La automatización del futuro no dependerá únicamente de disponer de mejores algoritmos. También requerirá personas capaces de interpretar los resultados, validar las decisiones propuestas por la inteligencia artificial y trasladarlas al funcionamiento diario de la planta.
La carrera por liderar la nueva automatización
La rapidez con la que evoluciona la inteligencia artificial está acelerando también los movimientos estratégicos del mercado.
Fabricantes tradicionales de automatización, empresas de software, proveedores cloud y grandes compañías tecnológicas compiten por posicionarse en un ecosistema donde las fronteras entre sectores son cada vez menos claras.
La automatización industrial deja de ser un mercado exclusivamente industrial para incorporar actores procedentes del mundo digital.
El informe de Bain considera que esta convergencia provocará nuevas alianzas, adquisiciones y modelos de colaboración entre compañías que hasta hace pocos años apenas compartían mercado.
El objetivo común será desarrollar plataformas capaces de integrar control industrial, inteligencia artificial, análisis de datos y servicios digitales dentro de una misma propuesta de valor.
Para la industria, esta transformación representa mucho más que una evolución tecnológica.
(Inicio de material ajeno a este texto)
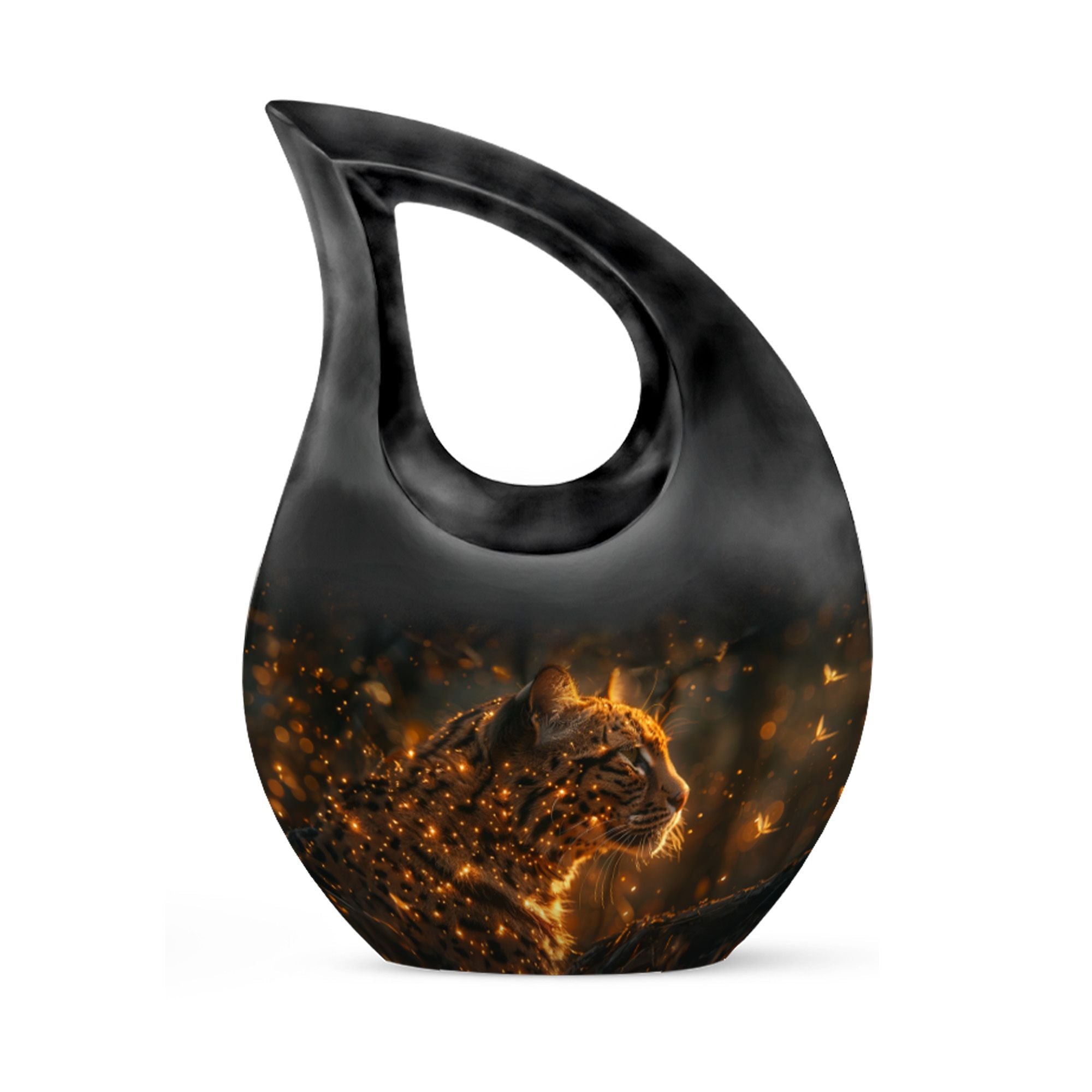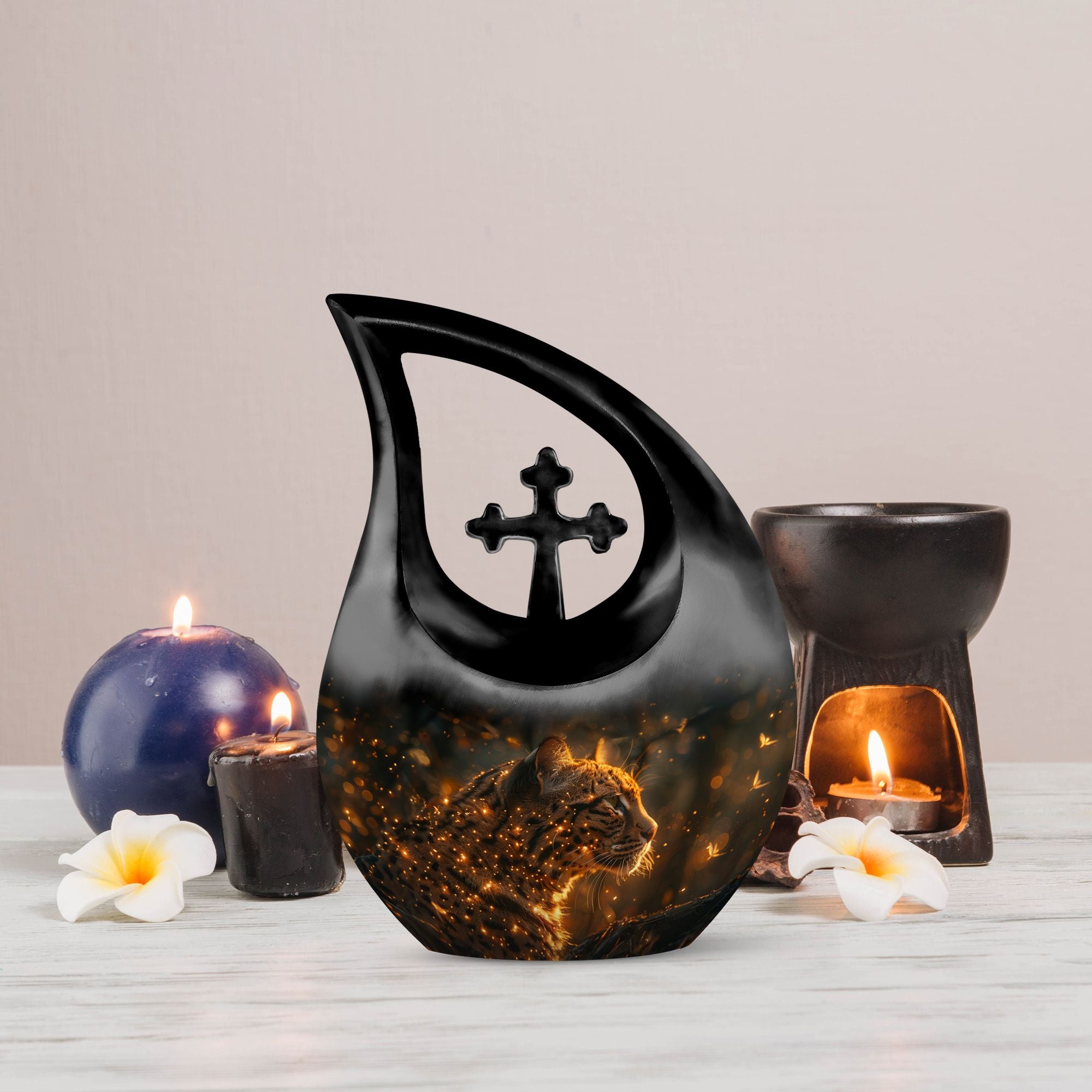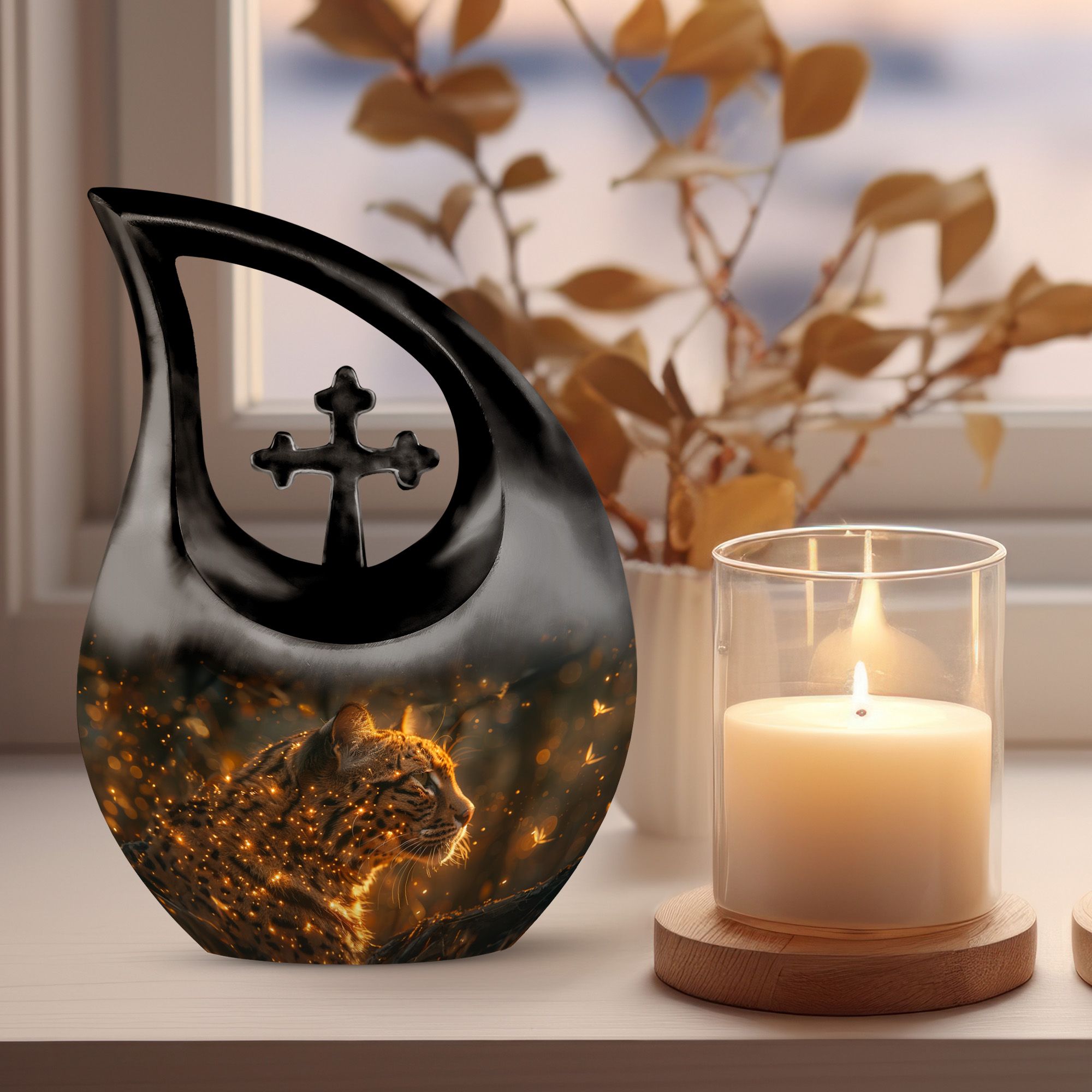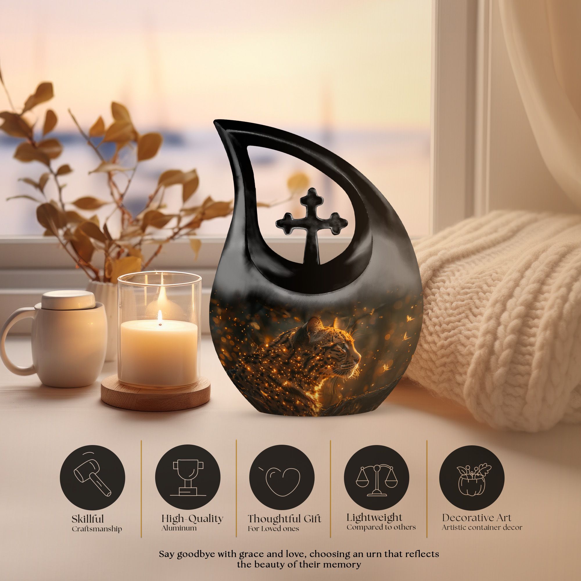 Cherish the memory of your loved ones with our 'Glowing Dusk Prowler Urn'. This large urn, carved from top-grade aluminium, definitely brings an enchanting allure. It stands 10 inches tall and holds a capacity of 200 cubic inches, making it the ideal keepsake for holding the ashes of your departed. This urn pays tribute with its beautiful 'Cross-Drop' theme, illustrating a mesmerizing glowing dusk prowler motif that imbues it with a unique, dignified charm. The urn, weighing a mere 3.3 pounds, is convenient for transportation. Each urn is supplied with a velvet pouch for respectful containment of the ashes, reinforcing the overall quality and thoughtfulness of this item. The customizable feature allows for engraved names, adding a personal touch to each urn and making your remembrance truly unique. Reflect your enduring affection with this meticulously crafted memorial urn. It's more than a resting place - it's a haven that blends love, respect and remembrance into a stunning tribute.

La inteligencia artificial ofrece la posibilidad de producir con mayor flexibilidad, reducir costes, minimizar consumos energéticos, mejorar la calidad y responder con mayor rapidez a un mercado cada vez más cambiante.
Todo ello resulta especialmente relevante en un contexto marcado por la presión competitiva internacional, la transición energética, la escasez de talento especializado y la necesidad de aumentar la productividad.
Sin embargo, aprovechar plenamente ese potencial exigirá inversiones sostenidas, una estrategia clara de digitalización y la capacidad de integrar la inteligencia artificial dentro de los procesos industriales de forma gradual y segura.
Las empresas que limiten la IA a proyectos aislados difícilmente obtendrán ventajas significativas. En cambio, aquellas que la incorporen como un elemento transversal de su estrategia estarán mejor preparadas para competir en la próxima década.
Del control de las máquinas al conocimiento de las fábricas
La automatización industrial nació para liberar a las personas de tareas repetitivas y garantizar procesos cada vez más precisos. Hoy ese objetivo permanece intacto, pero la tecnología da un paso más.

La inteligencia artificial no sustituye la automatización tradicional; la complementa y amplía sus capacidades.
Las máquinas seguirán necesitando sistemas de control fiables, sensores precisos y redes industriales robustas. Pero el verdadero valor residirá cada vez más en la capacidad para interpretar toda la información generada por esos sistemas y convertirla en decisiones inteligentes.
Las previsiones de Bain reflejan la magnitud de ese cambio. Si en 2030 casi la mitad del valor del mercado de la automatización estará vinculado a la inteligencia artificial y más del 80% de los beneficios se concentrarán en el software, los datos y los dispositivos inteligentes, la industria se encuentra ante una transformación comparable a la que supuso la llegada de la automatización digital hace varias décadas.
La próxima revolución industrial no consistirá únicamente en conectar máquinas. Consistirá en lograr que esas máquinas comprendan lo que ocurre a su alrededor, aprendan de cada operación y ayuden a tomar mejores decisiones. En esa capacidad para convertir datos en inteligencia se jugará buena parte de la competitividad de las fábricas durante los próximos años.